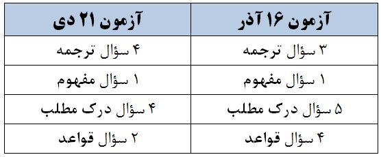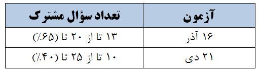 همان طور که مشاهده میشود بیشتر سؤالات مشترک از مبحث ترجمه و درک مطلب است.
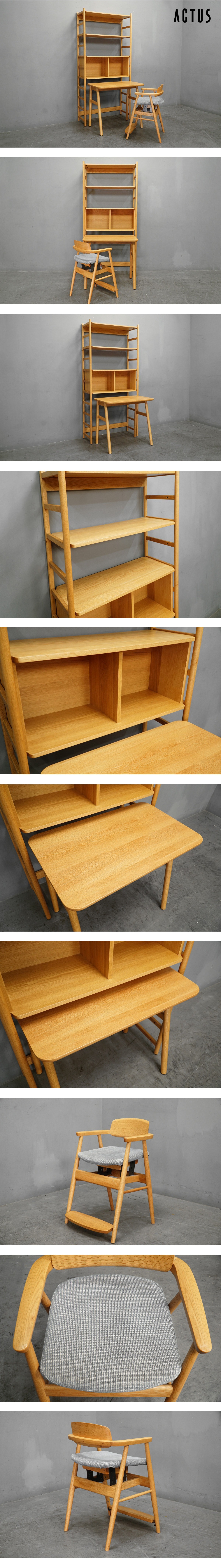 ◇ACTUS(アクタス)のRipia (リピア) デスク ハイシェルフ セットです。 アクタスが提案する「RIPIA(リピア)」デスクは、暮らしに寄り添うシンプルで美しいデザインが魅力のワークデスクです。無垢材の温かみを活かしながら、細身のスチール脚で軽やかさを演出。空間に溶け込むような控えめな佇まいは、北欧インテリアやナチュラルモダンな空間にぴったりです。コンパクトなサイズ感ながら、奥行きはしっかり確保されており、ノートパソコンや書類を広げても余裕のある作業スペースを実現。さらに、天板下には文具などを収納できる薄型のトレイが設けられており、デスク上をすっきり保てます。同シリーズで連結したり組み合わせれば、統一感のある機能的なワークスペースが完成。テレワークやお子様の学習机としてもおすすめです。デザイン性と実用性を兼ね備えたRIPIAデスクで、日常の作業時間をより快適に、より美しく。 チェアはアクタスの「LIFE チェア」。子ども時代から大人まで一生使える、無垢材のチェア。 成長に合わせて座面高が4段階に調節でき、学習に適する2度の前傾に調整できるエルゴノミクスチェアです。 参考新品価格(約):236,100円(デスク/48,000円+シェルフセット/132,000円+LIFEチェア/56,100円) |
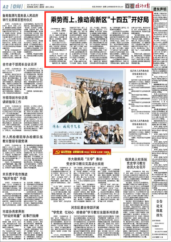 开局关乎全局,起跑决定后程。高新区将在省、市的坚强领导下,头拱地、往前冲,铆足劲、加油干,为临沂实现“由大到强、由美到富、由新到精”战略性转变贡献高新力量。(临报融媒记者 曹鹏飞 党工委宣传统战部 杨琳秋)
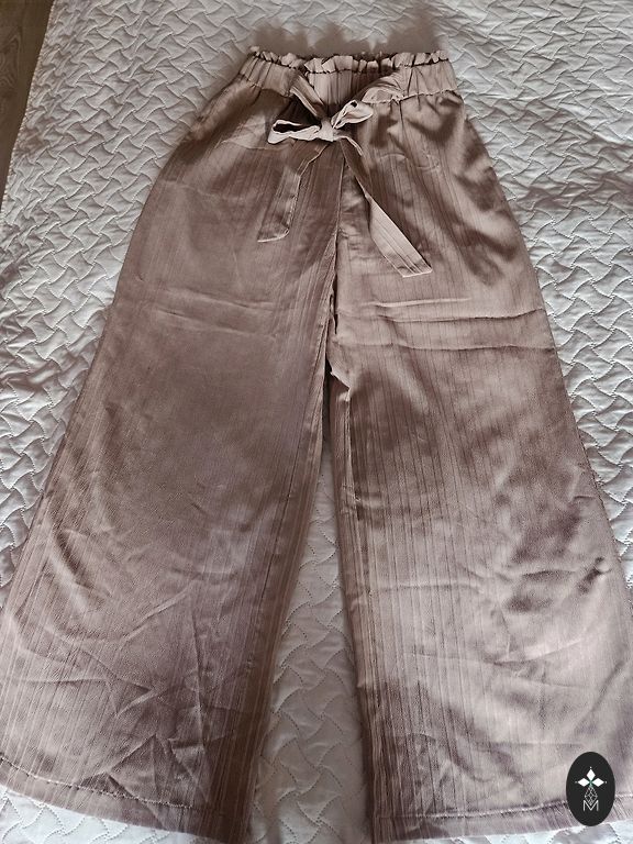 Брюки 'maison scoch' с карманами, спереди молния, по бокам кнопки для расширения и сужения. Обхват талии 98 см, но можно увеличить до 102 см, в бедрах до 120 см, длина ноги по наружной стороне 106 см, по внутренней стороне 77 см.
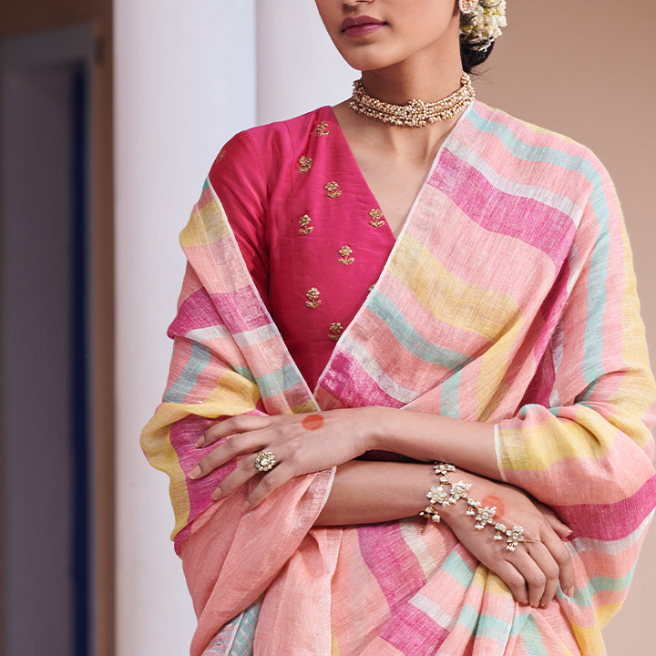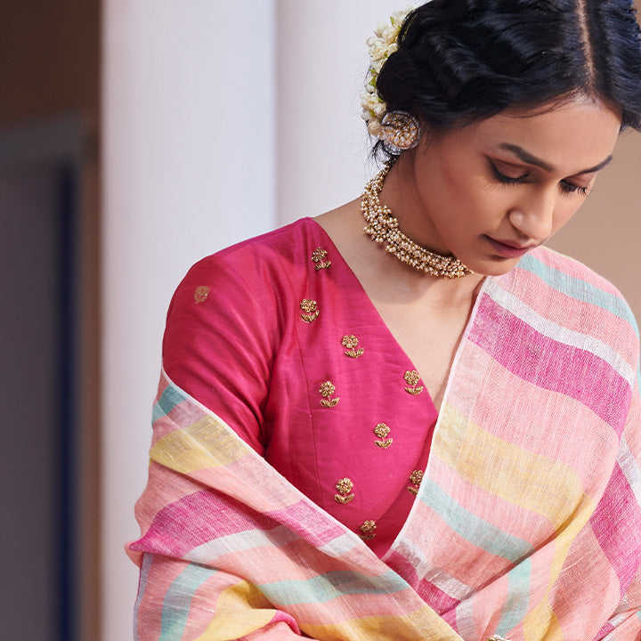 A classic v-neck blouse handwoven in Silk cotton and crafted to perfection. This pink blouse with intricate embroidery serves to be the most versatile ancillary in your wardrobe.
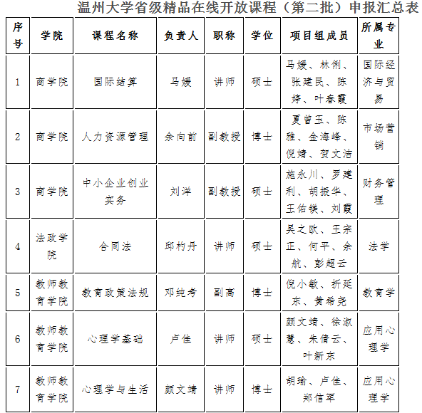 在《关于组织开展第二批省精品在线开放课程建设工作的通知》(省高校课程共享联盟函〔2017〕1 号)文件中已申报建设,且相关课程资源建设在“浙江省高等公司在线开放课程共享平台”(以下简称“省平台”)(http://zjedu.moocollege.com/)的课程,立项指标参看《浙江省高等公司精品在线开放课程立项与认定办法(试行)》(附件4)。公司申报名单如下:
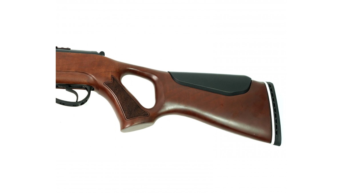 Пневматическая винтовка Хатсан 65 модели впитала в себя передовые системы модернизации компонентов. При этом оружие уложено в традиционную деревянную ложу из турецкого ореха. В детали отмечаются два эргономических улучшения.
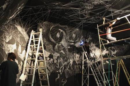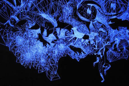 Проект «Stellar Caves» предлагает зрителю войти в пространство, где потолки и стены превращены в светящиеся «созвездия», созданные из хлопковых нитей, покрытых УФ-краской. Нити натягиваются между множеством точек крепления и образуют фигуры животных и мифологических существ, которые проявляются только в ультрафиолетовом освещении. В темноте такие конструкции напоминают фантазийные пещеры или ночное небо, создавая эффект погружения в иной, почти мифический мир.
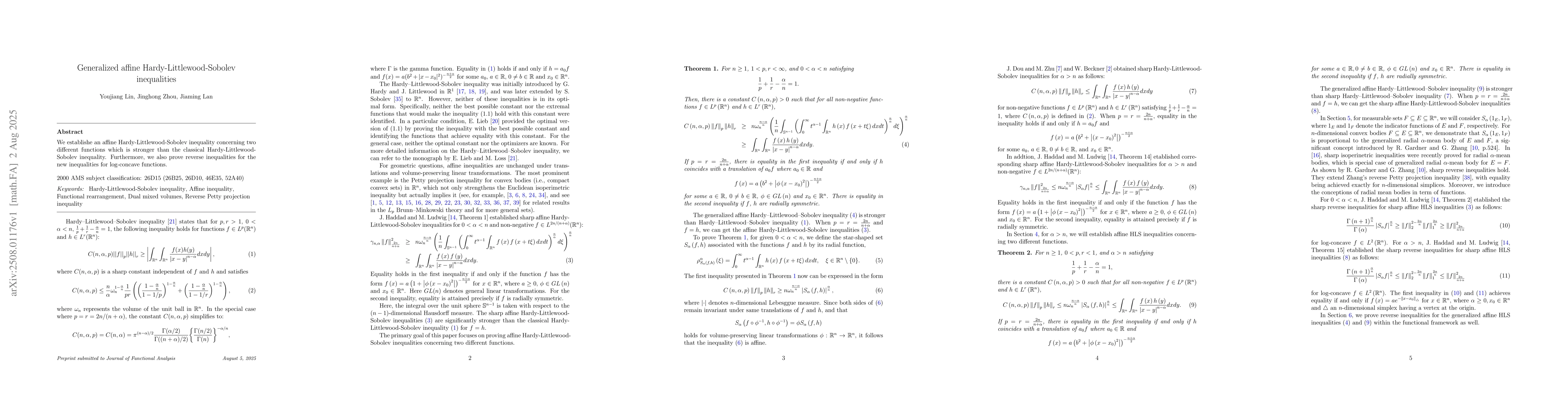 We establishe an affine Hardy-Littlewood-Sobolev inequality concerning two different functions which is stronger than the classical Hardy-Littlewood-Sobolev inequality. Furthermore, we also prove reverse inequalities for the new inequalities for log-concave functions.
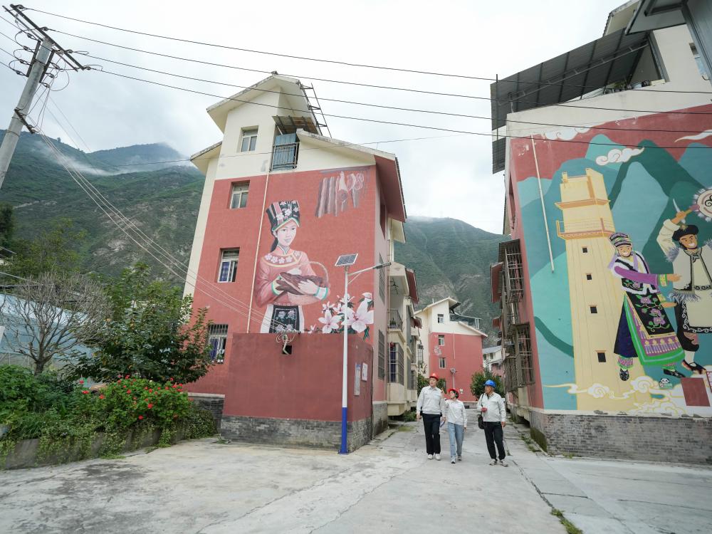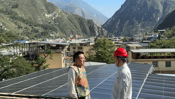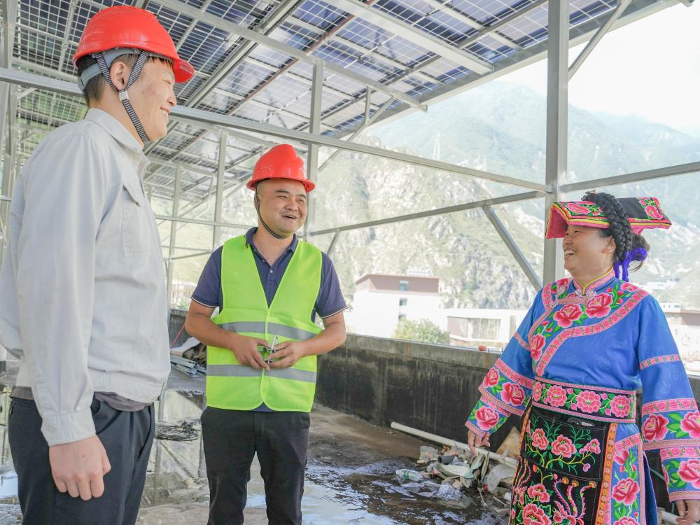 在四川省汶川县威州镇万村,朱鹏宇(右)和村民了解新装屋顶光伏板的情况。
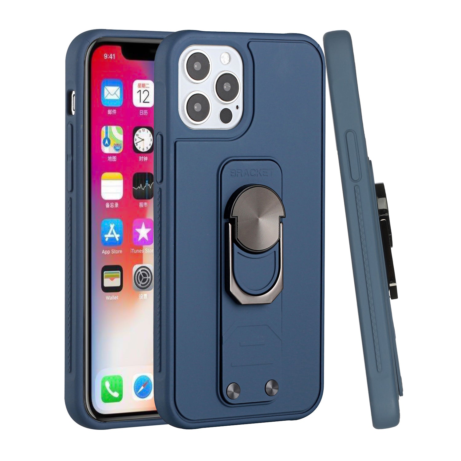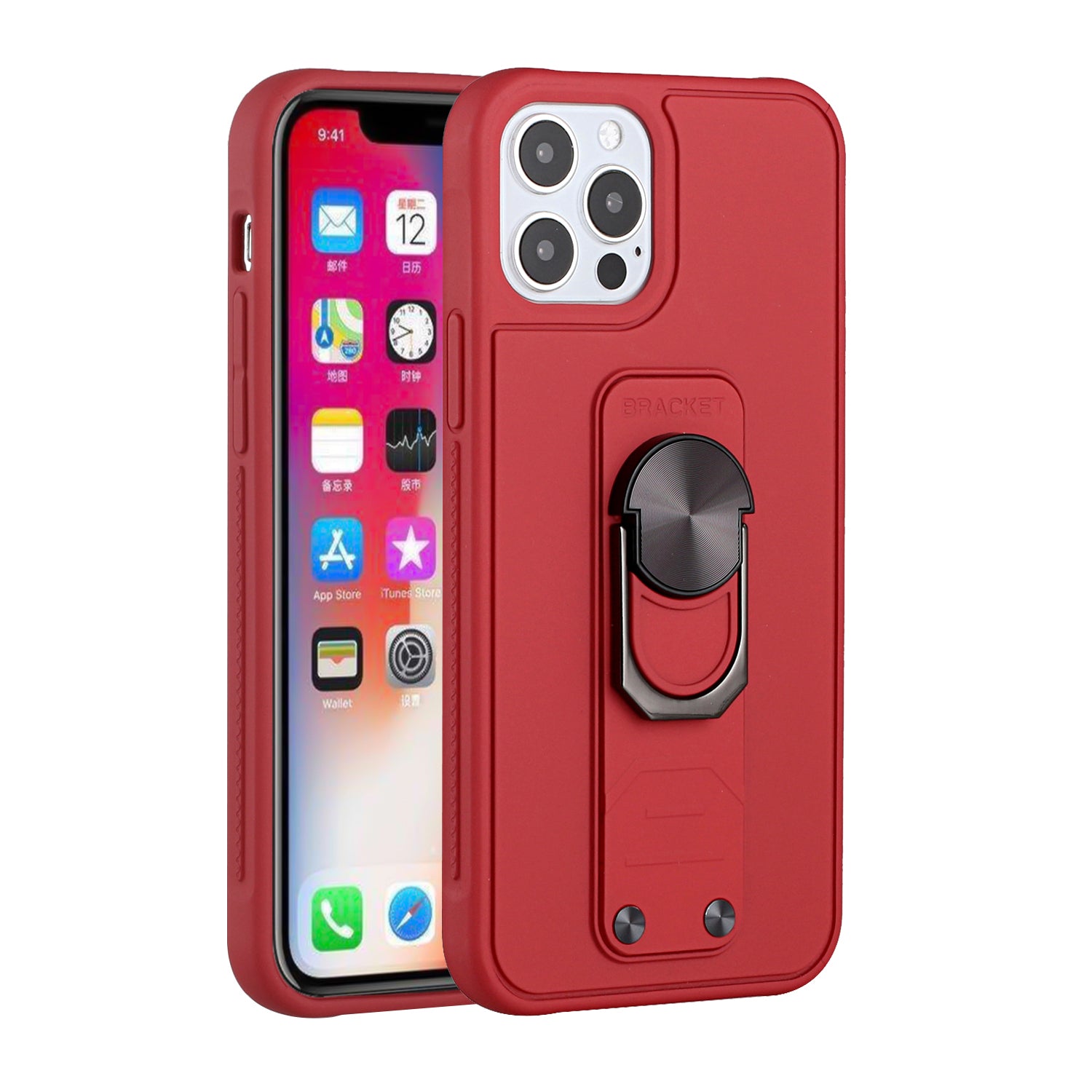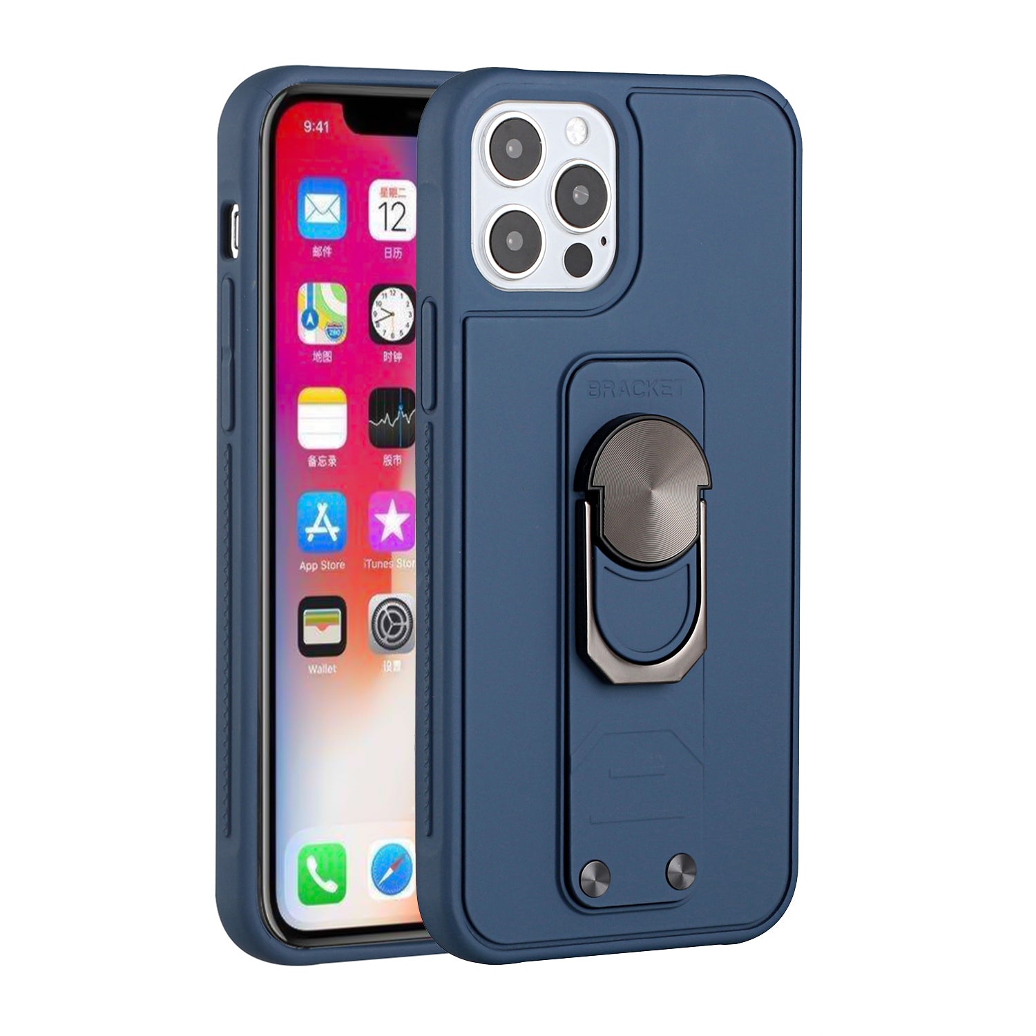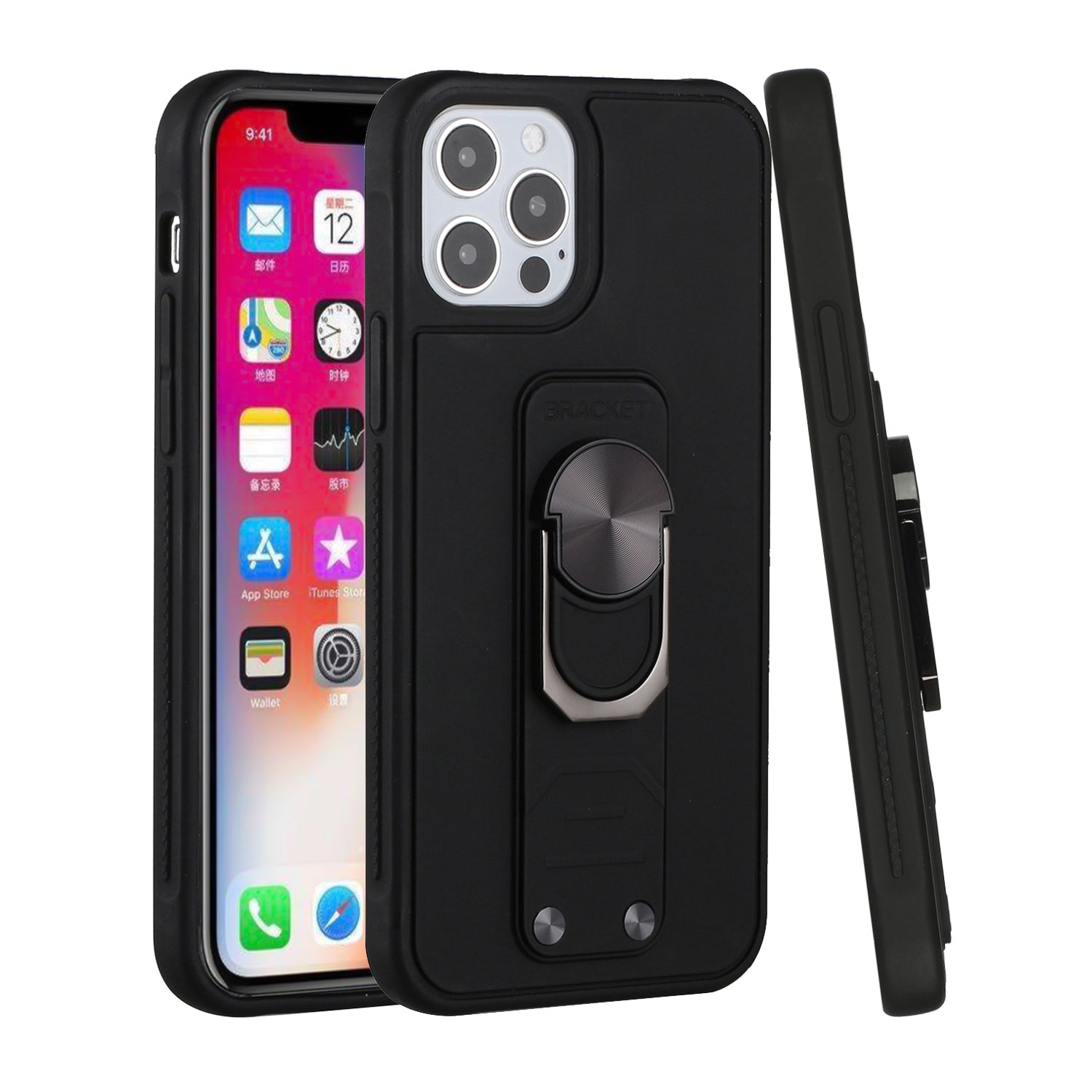For iPhone 12 Pro Max 6.7 Solid Lever Magnetic Ring Stand Tuff Hybrid Case Cover
##############################
**Exercise prompt**
Skip the pictures and reproduce all remaining entries exactly.

**Answer space**
 همان طور که مشاهده میشود بیشتر سؤالات مشترک از مبحث ترجمه و درک مطلب است.
 ◇ACTUS(アクタス)のRipia (リピア) デスク ハイシェルフ セットです。 アクタスが提案する「RIPIA(リピア)」デスクは、暮らしに寄り添うシンプルで美しいデザインが魅力のワークデスクです。無垢材の温かみを活かしながら、細身のスチール脚で軽やかさを演出。空間に溶け込むような控えめな佇まいは、北欧インテリアやナチュラルモダンな空間にぴったりです。コンパクトなサイズ感ながら、奥行きはしっかり確保されており、ノートパソコンや書類を広げても余裕のある作業スペースを実現。さらに、天板下には文具などを収納できる薄型のトレイが設けられており、デスク上をすっきり保てます。同シリーズで連結したり組み合わせれば、統一感のある機能的なワークスペースが完成。テレワークやお子様の学習机としてもおすすめです。デザイン性と実用性を兼ね備えたRIPIAデスクで、日常の作業時間をより快適に、より美しく。 チェアはアクタスの「LIFE チェア」。子ども時代から大人まで一生使える、無垢材のチェア。 成長に合わせて座面高が4段階に調節でき、学習に適する2度の前傾に調整できるエルゴノミクスチェアです。 参考新品価格(約):236,100円(デスク/48,000円+シェルフセット/132,000円+LIFEチェア/56,100円) |
 开局关乎全局,起跑决定后程。高新区将在省、市的坚强领导下,头拱地、往前冲,铆足劲、加油干,为临沂实现“由大到强、由美到富、由新到精”战略性转变贡献高新力量。(临报融媒记者 曹鹏飞 党工委宣传统战部 杨琳秋)
 Брюки 'maison scoch' с карманами, спереди молния, по бокам кнопки для расширения и сужения. Обхват талии 98 см, но можно увеличить до 102 см, в бедрах до 120 см, длина ноги по наружной стороне 106 см, по внутренней стороне 77 см.
 A classic v-neck blouse handwoven in Silk cotton and crafted to perfection. This pink blouse with intricate embroidery serves to be the most versatile ancillary in your wardrobe.
 在《关于组织开展第二批省精品在线开放课程建设工作的通知》(省高校课程共享联盟函〔2017〕1 号)文件中已申报建设,且相关课程资源建设在“浙江省高等公司在线开放课程共享平台”(以下简称“省平台”)(http://zjedu.moocollege.com/)的课程,立项指标参看《浙江省高等公司精品在线开放课程立项与认定办法(试行)》(附件4)。公司申报名单如下:
 Пневматическая винтовка Хатсан 65 модели впитала в себя передовые системы модернизации компонентов. При этом оружие уложено в традиционную деревянную ложу из турецкого ореха. В детали отмечаются два эргономических улучшения.
 Проект «Stellar Caves» предлагает зрителю войти в пространство, где потолки и стены превращены в светящиеся «созвездия», созданные из хлопковых нитей, покрытых УФ-краской. Нити натягиваются между множеством точек крепления и образуют фигуры животных и мифологических существ, которые проявляются только в ультрафиолетовом освещении. В темноте такие конструкции напоминают фантазийные пещеры или ночное небо, создавая эффект погружения в иной, почти мифический мир.
 We establishe an affine Hardy-Littlewood-Sobolev inequality concerning two different functions which is stronger than the classical Hardy-Littlewood-Sobolev inequality. Furthermore, we also prove reverse inequalities for the new inequalities for log-concave functions.
 在四川省汶川县威州镇万村,朱鹏宇(右)和村民了解新装屋顶光伏板的情况。
For iPhone 12 Pro Max 6.7 Solid Lever Magnetic Ring Stand Tuff Hybrid Case Cover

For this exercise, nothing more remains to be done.